Er wollte wissen, welches Ritual Benjamin abgelegt hatte und ob sich hinter dem Ritual vielleicht ein Schlüssel zum Frieden verbarg. Die Suche erwies sich als schwerer als gedacht. Einige Buchtitel waren kaum mehr zu lesen, da sie mit der Zeit verblichen waren. Bei anderen fehlten Seiten. Und dennoch erblickte er schließlich einen alten, in dunklem Leder geschmückten Band, der seine Aufmerksamkeit auf sich zog. Vampire und ihre Ernährung stand auf dem Buchrücken geschrieben, doch gerade als er seinen Arm ausstreckte um danach zu greifen, hörte er, wie sich die Tür der Bibliothek erneut öffnete und er zog ihn schnell wieder zurück. Als er sich umdrehte, hatte Sebastian ihn bereits erreicht. Der Ausdruck auf dem kindlichen Gesicht war nicht zu deuten. Dafür hatte Tobias das Gefühl, dass Sebastian sehr wohl wusste, was er noch kurz zuvor gesucht und auch gefunden hatte, nur ging er nicht darauf ein, sondern schritt zu der Mitte der Bibliothek, wo zwischen den ganzen Regalen eine Lücke geschaffen worden war, die Platz für drei Sessel und einen kleinen Beistelltisch bot. Auf besagtem Tisch standen ein paar Gläser, sowie eine große, gläserne Karaffe, die eine rötliche Flüssigkeit enthielt. Tobias Nase verriet ihm sofort, dass es sich dabei um Blut handelte und seine Mund kräuselte sich vor Ekel. Seelenruhig griff Sebastian nach einem der Gläser und füllte etwas Blut aus der Karaffe hinein, damit ließ er sich anschließend auf einen der Sessel nieder und winkte den Omega mit einer Handbewegung zu sich. Zögerlich setzte sich dieser in Bewegung und nahm schließlich dem König gegenüber Platz, wobei er angewiedert beobachtete, wie Sebastian das Glas an seine Lippen führte und das Blut trank, als handle es sich dabei um einen edlen Wein.

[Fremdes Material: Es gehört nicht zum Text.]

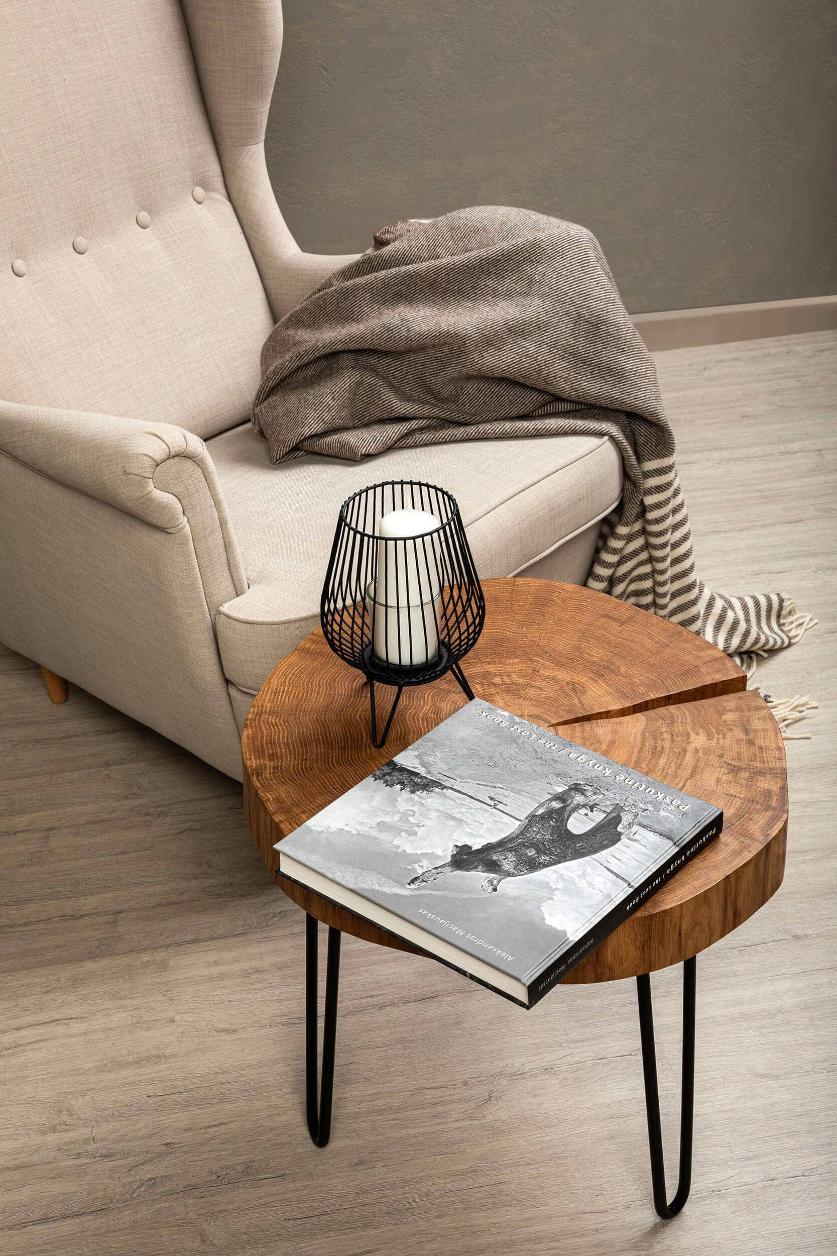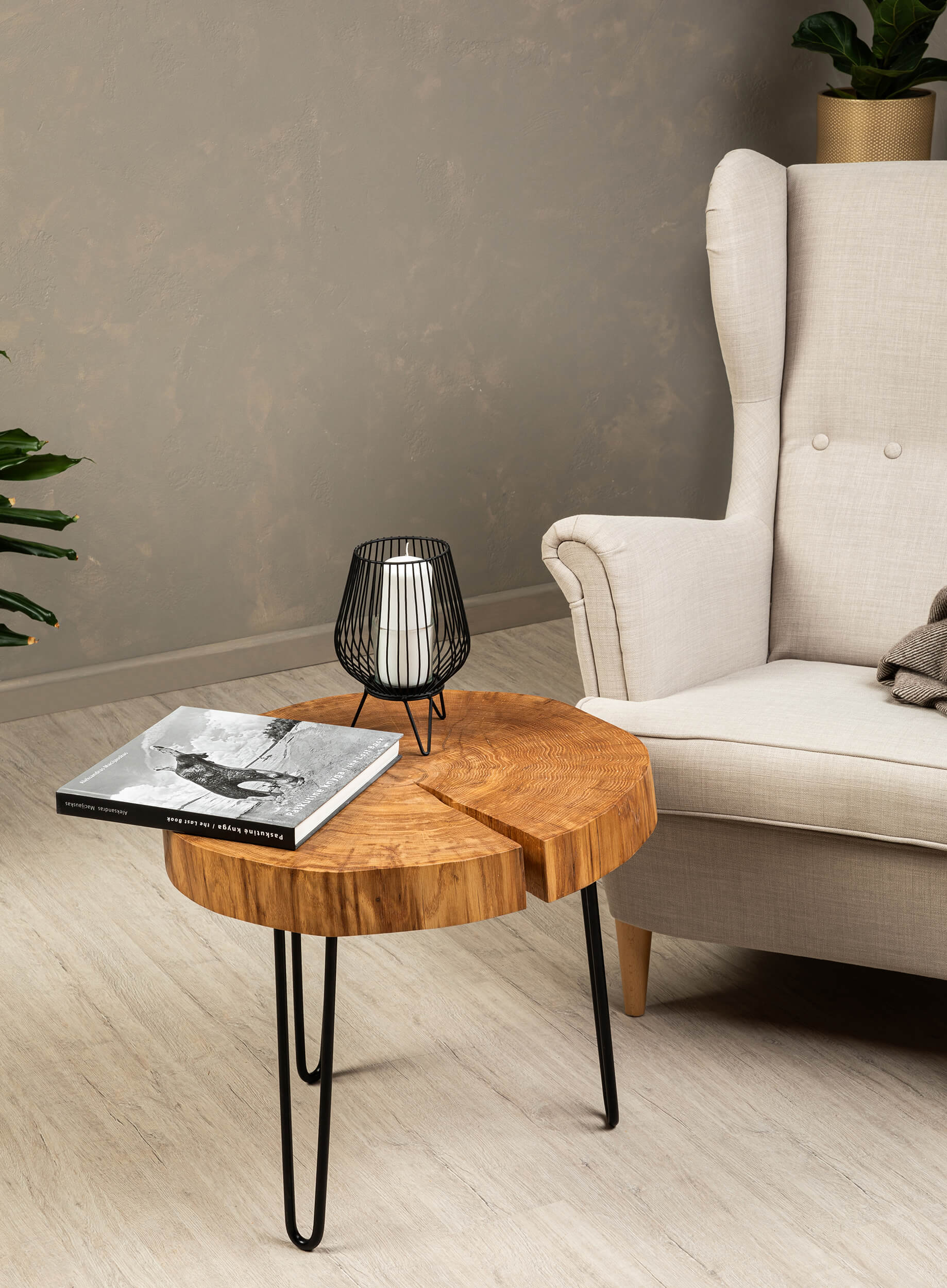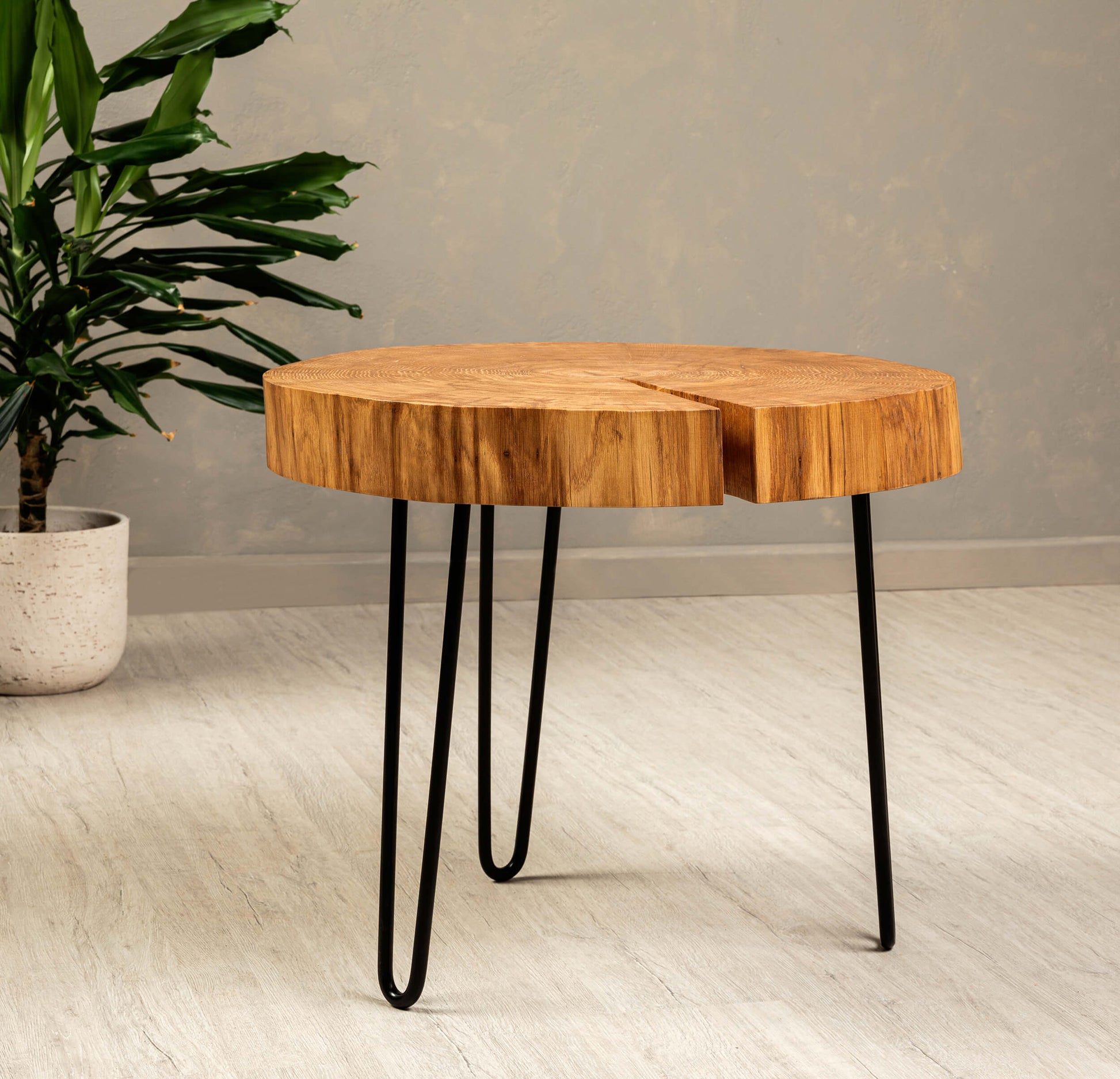 Tikra svetainės puošmena – APEIRO-60 apskritas kavos staliukas, pagamintas iš ąžuolo kamieno. Kiekvieno medžio raštas – unikalus, todėl tokį stalą turėsite tik jūs. Džiovinimo metu atsiskleidžia unikali ąžuolo medienos struktūra, kurią pagyvina prisotinimas natūraliu augaliniu aliejumi. Plieninės milteliniu būdu dažytos kojos suteikia stalui tvirtumo ir stabilumo.

"Der weiße Wolf also", schmunzelte Sebastian, "Welch Ehre diesem Hoffnungsbringer gegenüber sitzen zu dürfen." Seine Mimik verriet jedoch, dass er Tobias keineswegs respektierte, er sah viel mehr zu ihm herab und strafte seine Worte damit Lügen.

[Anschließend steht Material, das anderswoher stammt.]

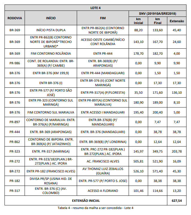 •Lote 4 – Rodovias BR-272/369/376 e PR-182/272/317/323/444/862/897/986;
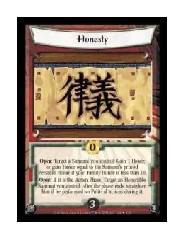 Open: Target a Samurai you control: Gain 1 Honor, or gain Honor equal to the Samurai's printed Personal Honor if your Family Honor is less than 10. Open: If it is the Action Phase: Target an Honorable Samurai you control. After the phase ends, straighten him if he performed no Political actions during it.
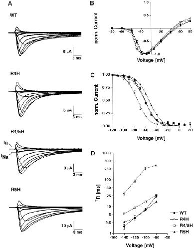 Figure 1. Effects of S4D4 point mutations on macroscopic Na+ currents. (A) Na+ currents from WT-, R4H-, R4/5H-, and R5H-injected Xenopus oocytes elicited by step depolarizations from −80 to 80 mV, holding potential −100 mV. A single trace displaying an outward gating current followed by an inward ionic current near sodium reversal potential is indicated in R4/5H. (B) Corresponding current–voltage relationship of peak Na+ currents, normalized to the largest inward current. (C) Steady-state inactivation at 0 mV induced by a 100-ms prepulse at voltages between −120 and 20 mV, increments of 10 mV, holding potential −100 mV. The curves are fitted to a standard Boltzmann distribution with slopes and V0.5 given in the text. Values are mean ± SEM of n > 3 cells. (D) Semilogarithmic plot of time constant and voltage of recovery from fast inactivation. Pulse protocol: a 80-ms test pulse to 0 mV was preceded by a 100-ms pulse to 0 mV and variable recovery periods at four different holding potentials (−80, −100, −120, and −140 mV). Values are mean recovery time constants in milliseconds ± SEM of n = 1–7 cells; WT, 1.8 ± 0.6 (−140 mV), 3.9 ± 1.8 (−120 mV), 7.9 ± 1.5 (−100 mV), 24.8 ± 6.0 (−80 mV); R4H, 30.8 ± 9.6 (−140 mV), 89.4 ± 19.3 (−120 mV), 264 ± 59 (−100 mV), 347 ± 55.1 (−80 mV); R4/5H, 5.4 ± 0.5 (−140 mV), 9.1 ± 0.9 (−120 mV), 15.1 ± 0.8 (−100 mV), 26.7 ± 1.8 (−80 mV); R5H, 2.6 (−140mV), 3.7 ± 0.2 (−120 mV), 7.4 ± 0.6 (−100 mV), 15.4 ± 0.9 (−80 mV). |

"James hat viel von dir erzählt. Von deinem kleinen Bruder, von deinen Gefühlen für Elijah", der König hielt inne um zu prüfen, welche Reaktion er mit diesen Erwähnungen bei Tobias auslöste und lächelte zufrieden, als der Omega zusammen zuckte, "Natürlich auch von der Folter, die er dich unterzogen hat. Sehr zu meinem Missfallen, musst du wissen. Ich halte nichts von dieser Vorgehensweise, sie ist in meinen Augen veraltet und ich verabscheue grobe Gewalt. Du hast also nichts zu befürchten."

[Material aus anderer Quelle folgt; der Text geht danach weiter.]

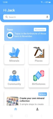 GeoCrystal tjener som en inspirerende og illustrativ guide, designet til at berige din forståelse for mineralriget. Appen er omhyggeligt kurateret til at støtte din interesse og passion for alt, hvad der rører sig under overfladen. Del dine egne fund og observationer med et fællesskab af ligesindede; GeoCrystal giver dig platformen til at uploade billeder, der fungerer som værdifulde bidrag til vores fælles vidensbank, og giver dig mulighed for at forbinde med andre mineral-elskere.

Tobias glaubte ihm nicht. Der König wirkte wie jemand, der ihm alles gesagt hätte, nur um ihn zu manipulieren und ihm Antworten zu entlocken. Er wählte seine Sätze mit Bedacht und war weit weniger von einem Gefühl der unbändigen Wut getrieben, wie James es war. Sebastian war viel kontrollierter und bemühter eine Fassade aufrecht zu erhalten, die er um keinen Preis fallen lassen würde. So machte es zumindestens den Eindruck.

"Und doch trinkt ihr Blut", erhob der Omega seine Stimme, "Ich frage mich, wie ihr es ohne grobe Gewalt gewonnen habt?"

Sebastians Lächeln verrutschte für eine Sekunde, bevor es wieder perfekt saß.